***** SUPPLIED INFORMATION *****
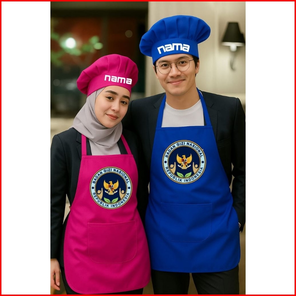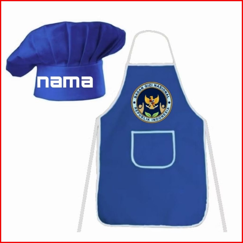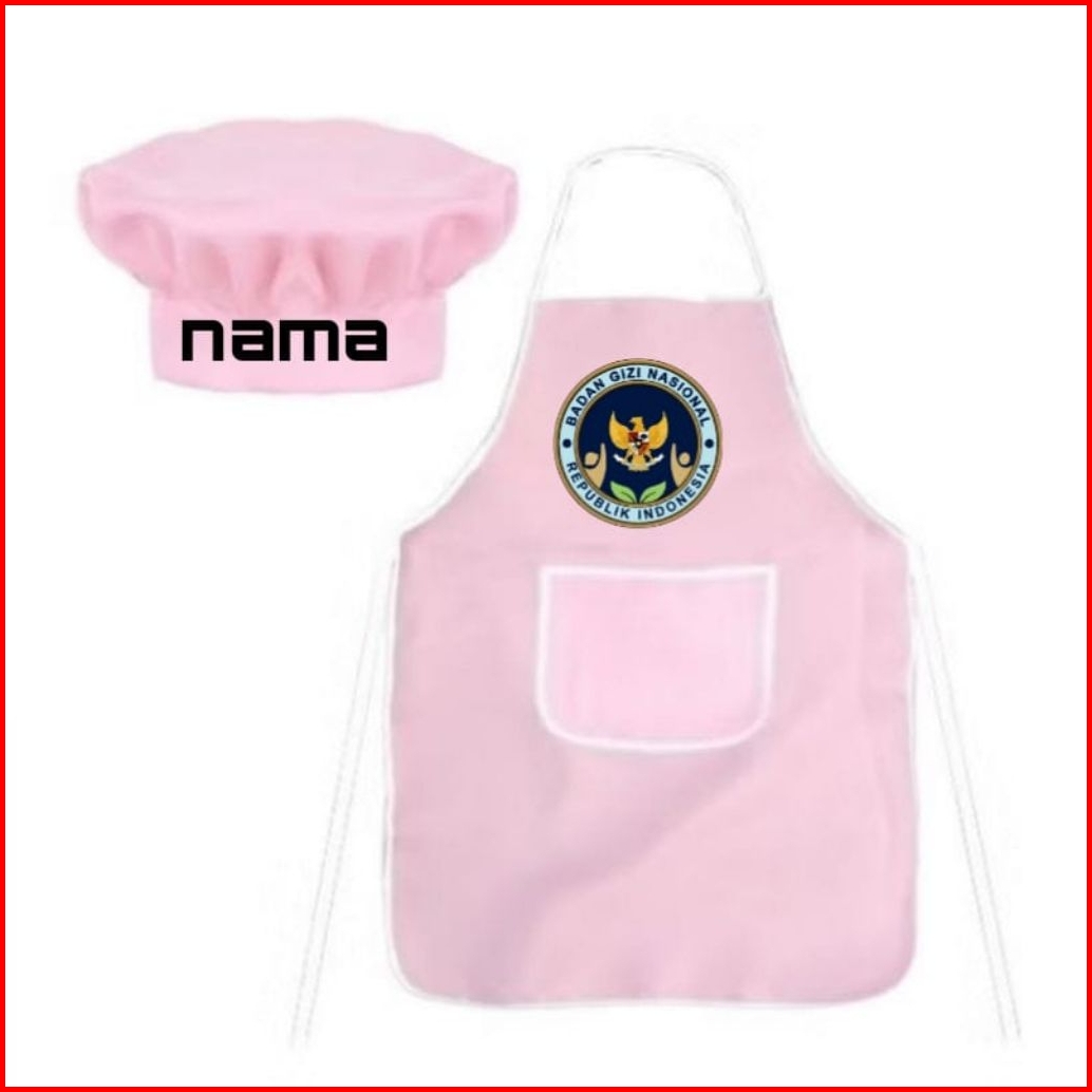 Celemek Apron Dewasa 1set Topi Bisa Pake Nama Suka-suka Dan Ada Gambar Bgn
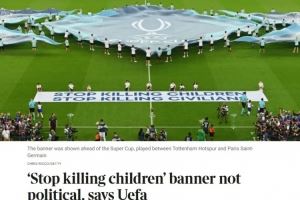 体育资讯8月14日讯 欧足联坚称,在热刺对阵巴黎圣日耳曼的超级杯赛前展示的“停止杀害儿童——停止杀害平民”横幅并非政治宣言,而是人道主义呼吁。
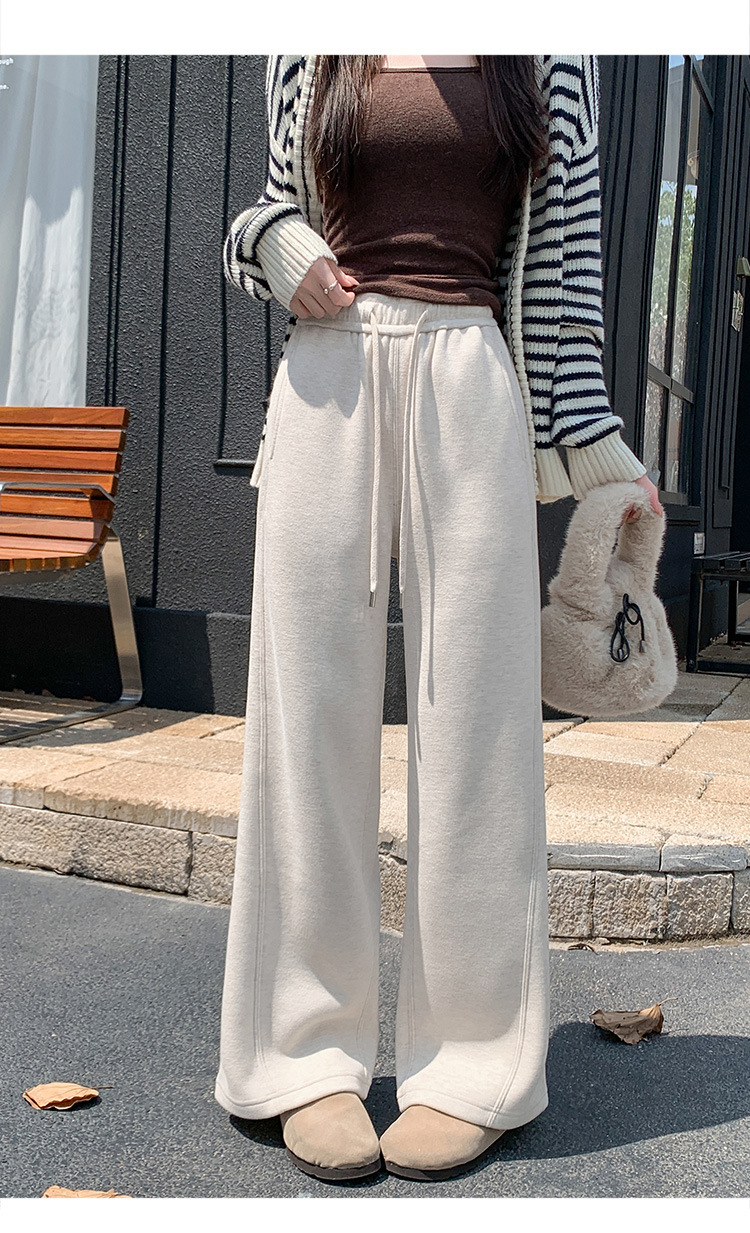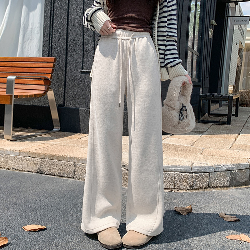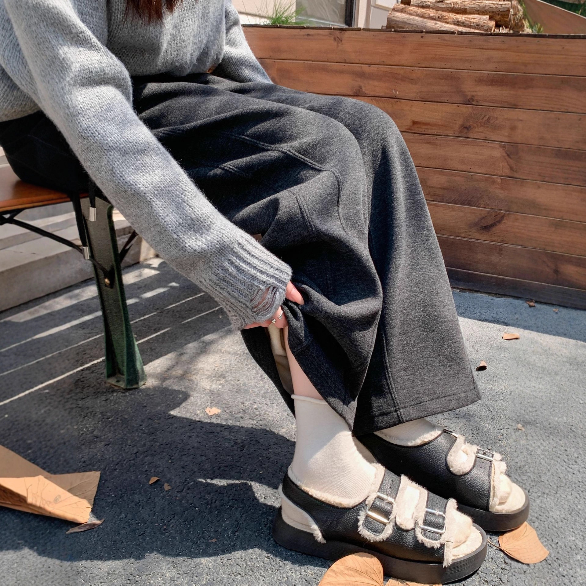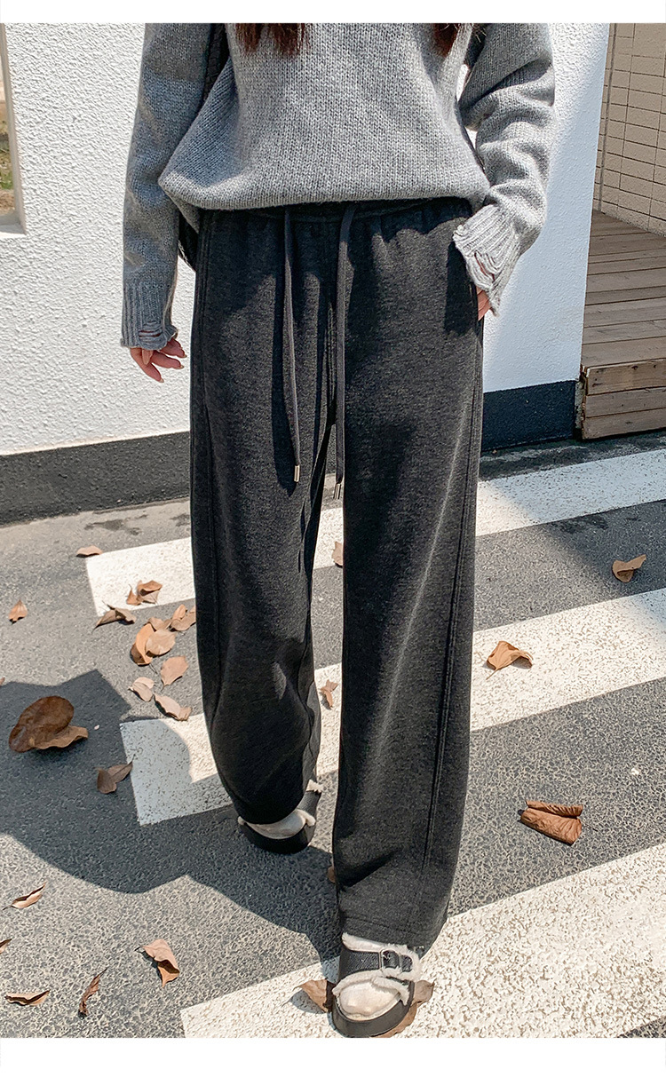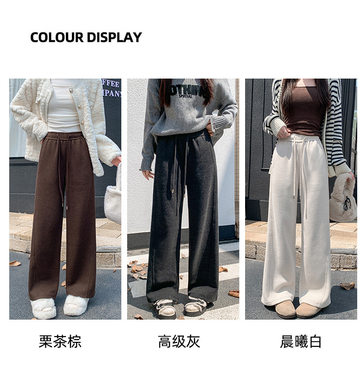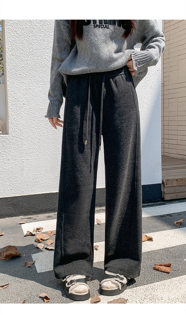 秋冬加绒醋酸羊绒灰色阔腿休闲裤女宽松bf慵懒风坠感长裤拖地软糯
*****
◆ **PROBLEM TO WORK ON**
Please write the data out again exactly, but do not carry over the pictures.

◆ **ANSWER SECTION**
 Celemek Apron Dewasa 1set Topi Bisa Pake Nama Suka-suka Dan Ada Gambar Bgn
 体育资讯8月14日讯 欧足联坚称,在热刺对阵巴黎圣日耳曼的超级杯赛前展示的“停止杀害儿童——停止杀害平民”横幅并非政治宣言,而是人道主义呼吁。
 秋冬加绒醋酸羊绒灰色阔腿休闲裤女宽松bf慵懒风坠感长裤拖地软糯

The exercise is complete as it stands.